# EXERCISE
Exclude the pictures. Transcribe exactly, and only, the lines from the one holding "Uhr (h = 86,4°) |" to the end of the material below.

(GIVEN INFORMATION)

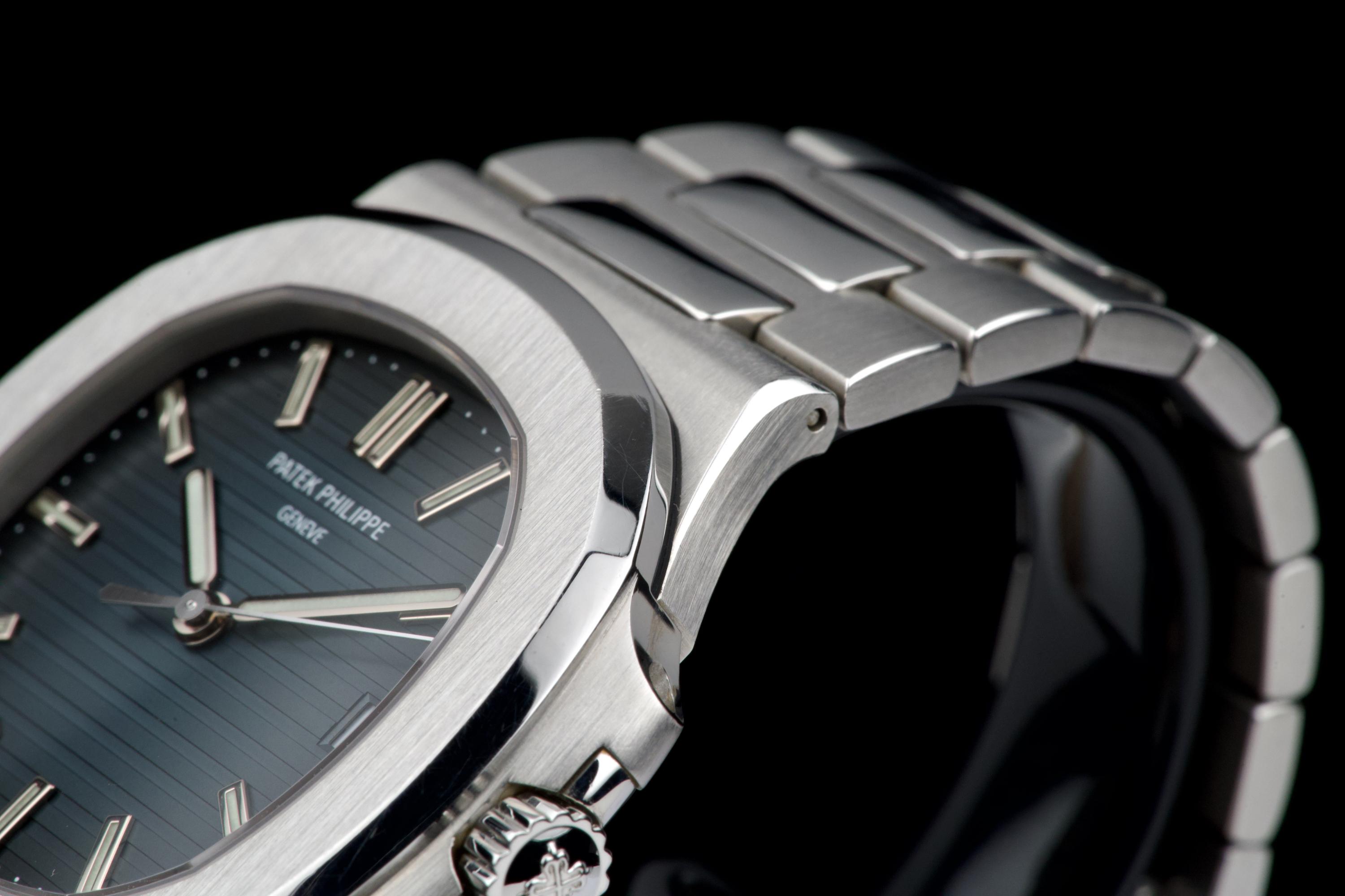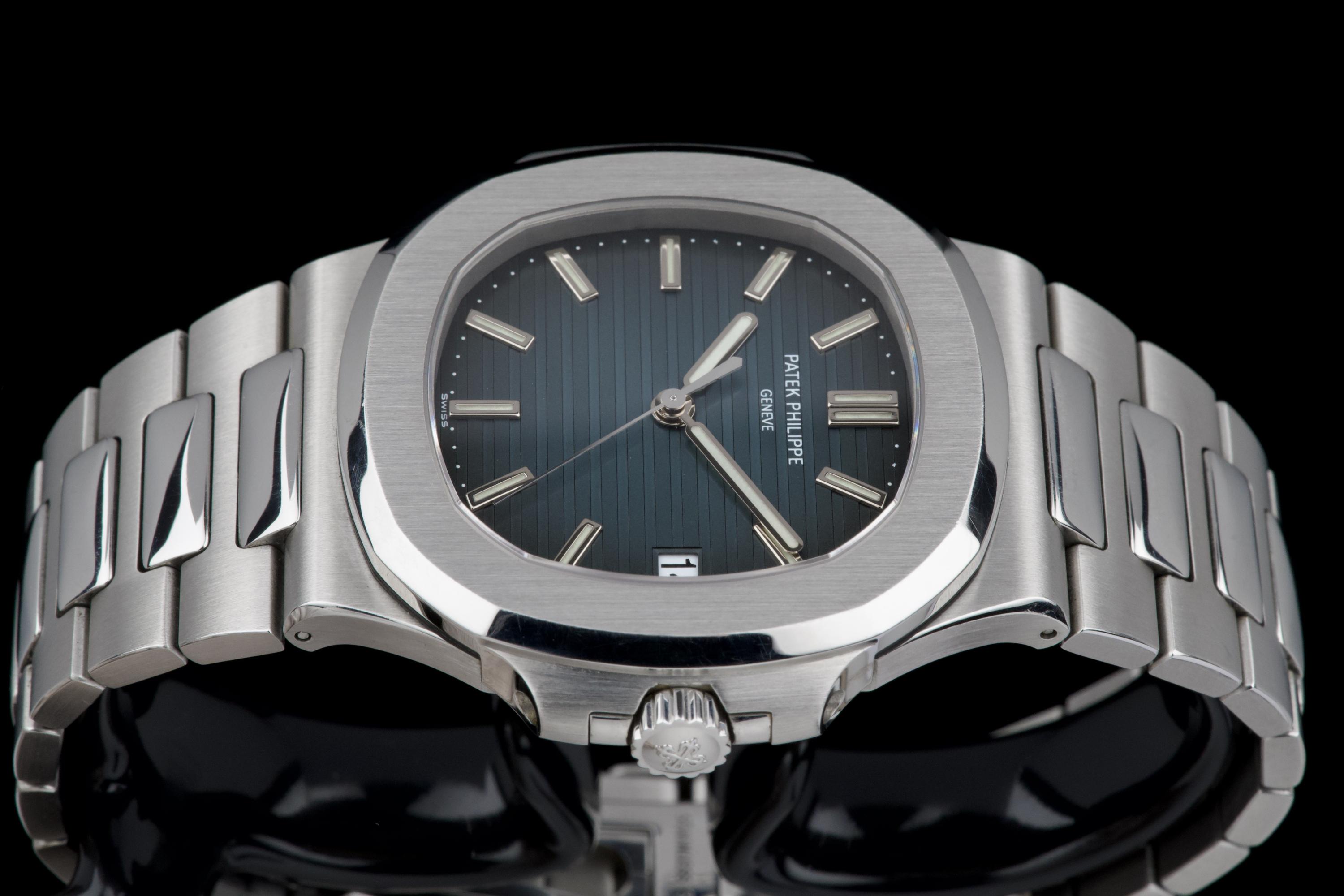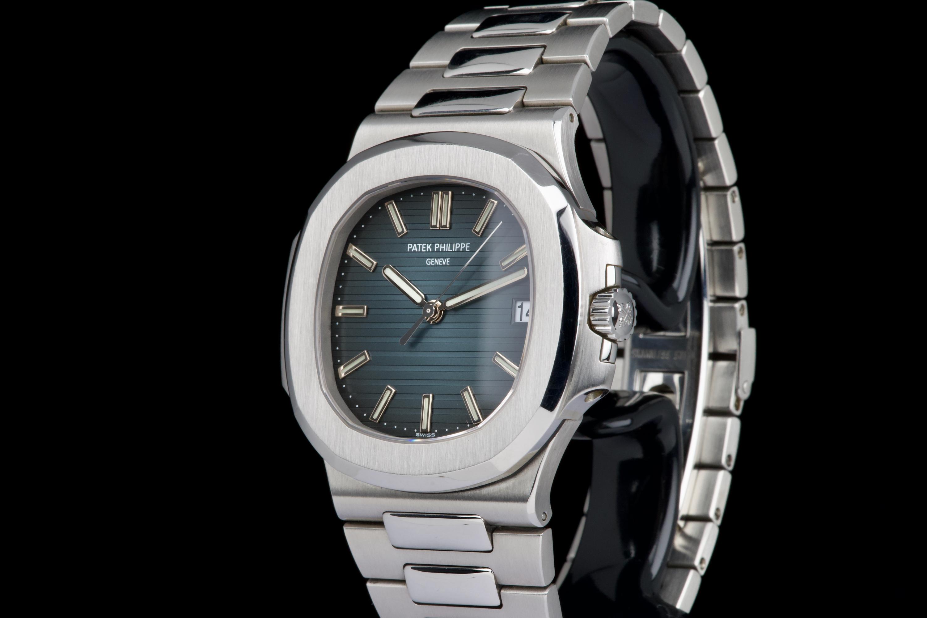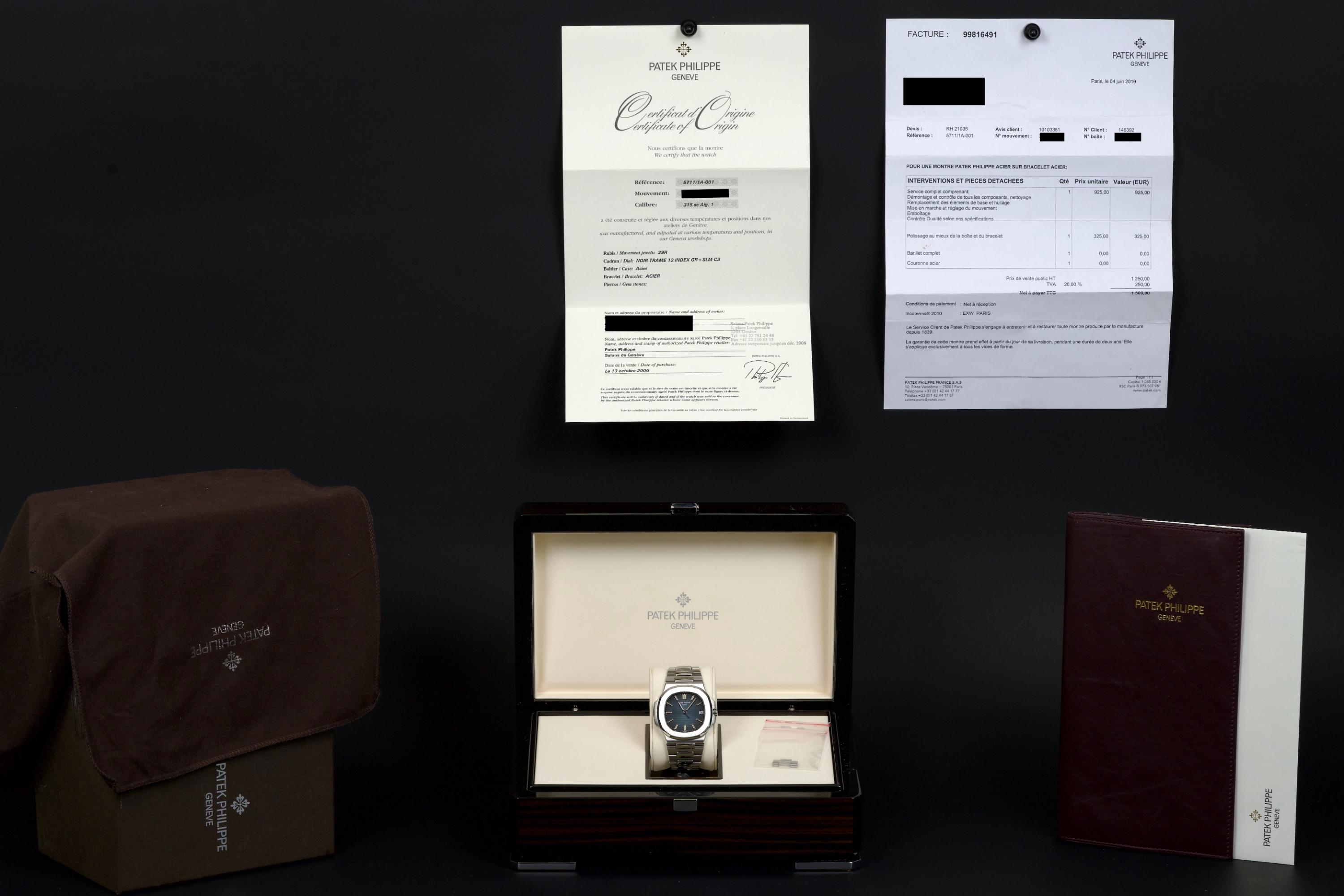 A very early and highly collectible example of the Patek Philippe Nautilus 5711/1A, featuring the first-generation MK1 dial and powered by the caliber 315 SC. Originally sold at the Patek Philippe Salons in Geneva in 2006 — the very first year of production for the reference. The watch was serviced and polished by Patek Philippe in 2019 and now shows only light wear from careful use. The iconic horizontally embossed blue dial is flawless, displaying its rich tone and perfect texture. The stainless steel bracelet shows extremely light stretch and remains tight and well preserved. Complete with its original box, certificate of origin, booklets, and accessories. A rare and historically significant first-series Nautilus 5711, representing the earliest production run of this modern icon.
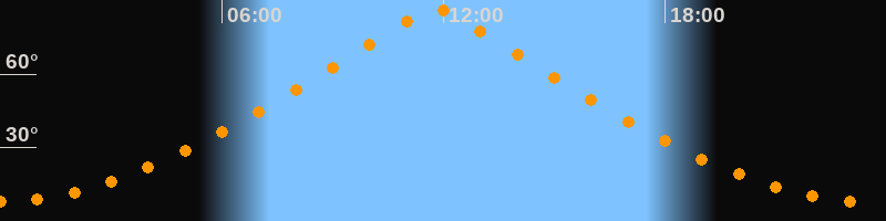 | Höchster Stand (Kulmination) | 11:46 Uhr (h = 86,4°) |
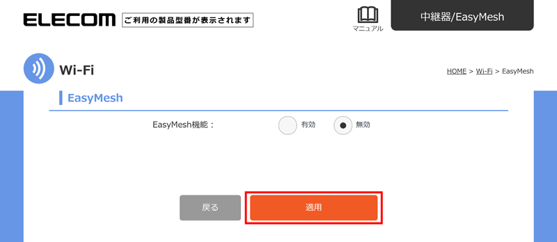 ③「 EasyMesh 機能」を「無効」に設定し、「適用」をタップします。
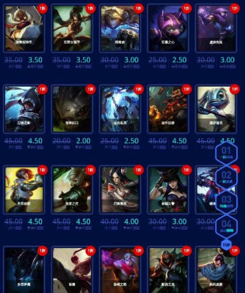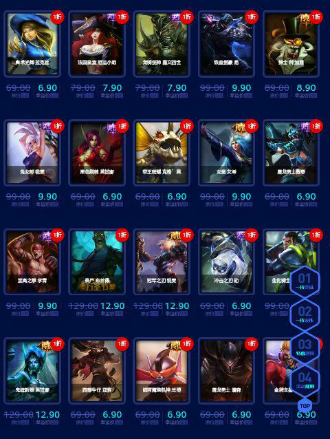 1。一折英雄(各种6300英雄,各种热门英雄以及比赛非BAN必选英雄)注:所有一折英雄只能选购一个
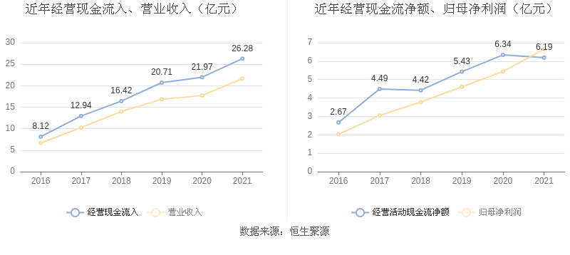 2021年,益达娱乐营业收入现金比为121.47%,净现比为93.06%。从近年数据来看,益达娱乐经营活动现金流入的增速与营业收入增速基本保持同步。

(End GIVEN INFORMATION)

# RESULT BELOW
 | Höchster Stand (Kulmination) | 11:46 Uhr (h = 86,4°) |
 ③「 EasyMesh 機能」を「無効」に設定し、「適用」をタップします。
 1。一折英雄(各种6300英雄,各种热门英雄以及比赛非BAN必选英雄)注:所有一折英雄只能选购一个
 2021年,益达娱乐营业收入现金比为121.47%,净现比为93.06%。从近年数据来看,益达娱乐经营活动现金流入的增速与营业收入增速基本保持同步。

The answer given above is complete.